Pence: Dems' Voting Legislation, Like Jan. 6, a 'Power Grab'
The Democrats' attempts to change the Senate filibuster rules are a "power grab," just like the Jan. 6 storming of the Capitol, former Vice President Mike Pence wrote in an opinion piece.
"On Jan. 6, an angry mob ransacked the Capitol, largely to try to get Congress and me, as the president of the Senate, to use federal authority to overturn results of the presidential election that had been certified by all 50 states," Pence wrote in The Washington Post on Friday.
"Despite this steady progress of state-based reforms, now come President [Joe] Biden and Senate Democrats with plans to use the memory of Jan. 6 to attempt another federal power grab over our state elections and drive a wedge further into our divided nation."
In the year since President Donald Trump lost the election to Biden, several states have passed legislation to "restore confidence in the integrity of our elections," said Pence, adding that "Georgia, Arizona, and Texas have led the way with common-sense reforms, such as requiring verifiable identification on absentee ballots and using cameras to record ballot processing."
But now Democrats want to take the states' power away through passing federal legislation an, to do that, they want to end the filibuster.
But ending the filibuster, Pence wrote, would "offend the founders' intention that states conduct elections just as much as what some of our most ardent supporters would have had me do one year ago."
Pence said, on Jan. 6, he upheld the constitutional principle that elections are determined at the state, not the federal, level, and Congress' only role in connection with the Electoral College is to "'open, present, and record' votes submitted and certified by the states. No more, no less."
For Congress to break the filibuster rule, that would be "inconsistent with our nation's history and an affront to our Constitution's structure," the former vice president said.
Democrats, backed by Biden, want to change the filibuster rule so the voting legislation will not need 60 votes to pass. Two Sens.
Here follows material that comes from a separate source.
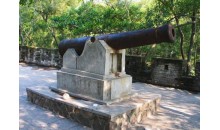 赤灣古炮臺位于廣東省深圳市南山區蛇口半島的深圳鷹嘴山頂端,分東、西兩側箝制赤灣港,雄視伶仃洋面。現為深圳市文物保護單位。赤灣古炮臺位于“臨海山梁扼三面之險”的蛇口半島頂端,分東、西兩側箝制赤灣港,雄視伶仃洋面。已修復的左炮臺挺立在海撥170米的鷹嘴山頭,占地面積約360平方米。炮臺城基用大塊花崗巖修砌,全高約3米多,北面是炮臺城的入口,城內東西兩廂,仍遺留兩座房屋殘基,是當年守炮臺士兵的居屋。
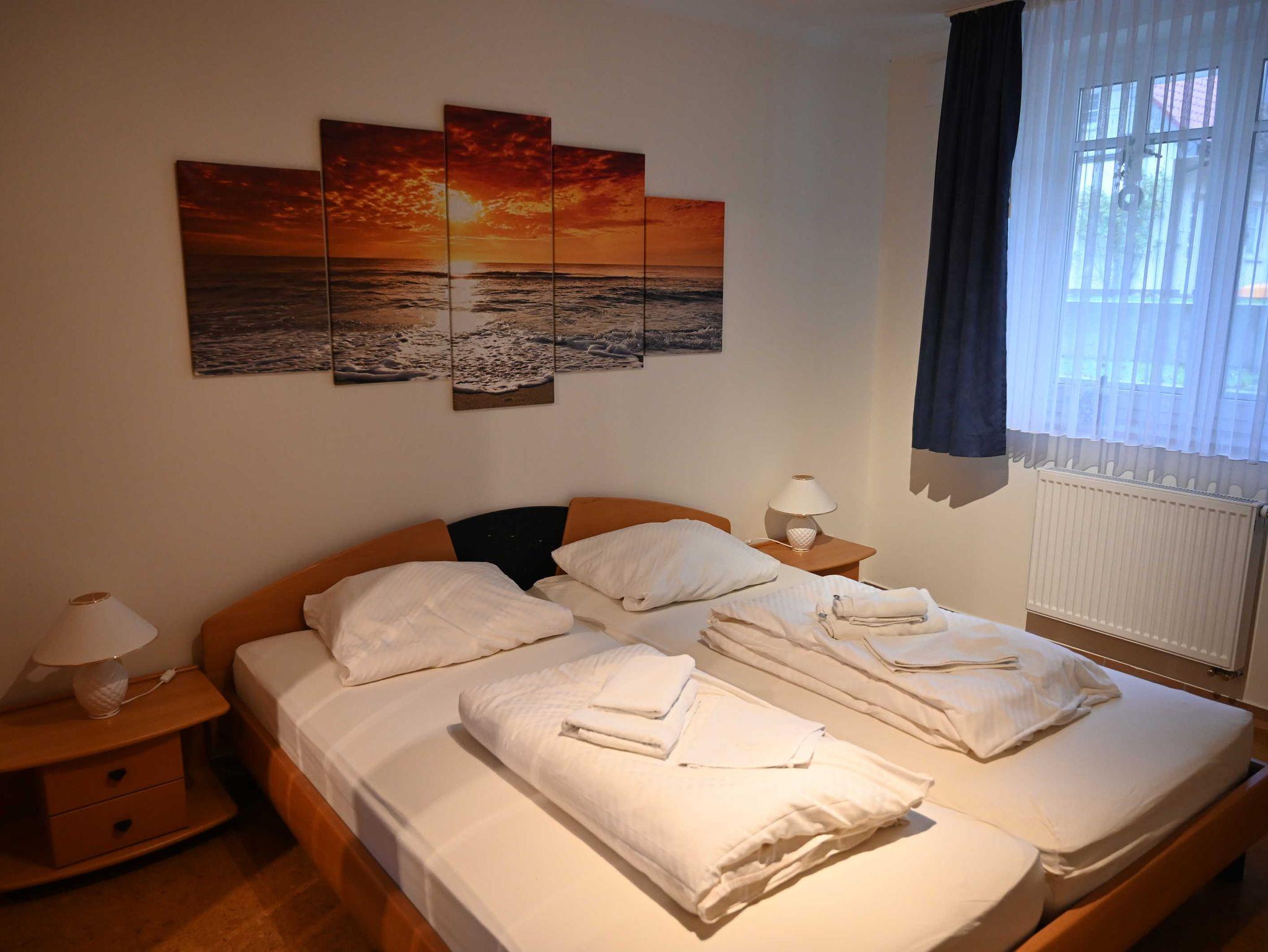 Die Ferienwohnung „Seeblick II“ ist modern eingerichtet. Das Apartment verfügt über ein Schlafzimmer, ein Bad mit einer Dusche und einen großen Wohnbereich mit einer offenen, komplett ausgestatteten Küche. In der gesamten Ferienwohnung sind Bodenfliesen verlegt, außer im Schlafzimmer ist ein Korkfußboden. Der Wohnbereich, die Küche und das Bad sind mit einer Fußbodenheizung ausgestattet.

Kyrsten Sinema, D-Ariz., and Joe Manchin, D-W.Va., however, say they will not agree to change the filibuster rule, meaning the Democrats in the 50-50 Senate will not have enough votes.
Pence also argued, if passed, the Democrats' voting legislation will cause voter fraud to "explode."
"States would be forced to adopt universal mail-in ballots, to provide same-day voter registration, online voter registration, easier voter registration through motor vehicle department offices, and a minimum 15 days of early voting," he wrote. "Duplicate voter registration records would abound, states' voter-ID requirements would be dramatically weakened, and anyone, including undocumented people, who simply signed a sworn written statement claiming to be eligible to vote would be permitted to do so."
Pence concluded by invoking the Jan. 6 anniversary and said he calls on his "former colleagues in the Senate to do as you did before: Uphold the right of states to conduct and certify elections. Reject this latest attempt to give Washington the power to decide how the United States' elections are run. And keep the oath you made before God and the American people to support and defend the Constitution."
Sen. Marjorie Taylor Greene, R-Ga., argued on Newsmax the congressional debate Jan. 6 was undermined by the storming of the Capitol, because it stopped the constitutional authorityto review the certification of the election – not to "overturn" the election, as Pence claimed in the opinion piece for the Post.
"How did this benefit President Trump in any way?" she told "Greg Kelly Reports" on the one-year anniversary of Jan. 6. "How did a riot, how did a security breach at the Capitol, help him when it stopped Republican members of Congress objecting and being able to go through real evidence of election fraud?
''There was no benefit to President Trump and he had nothing to do with it."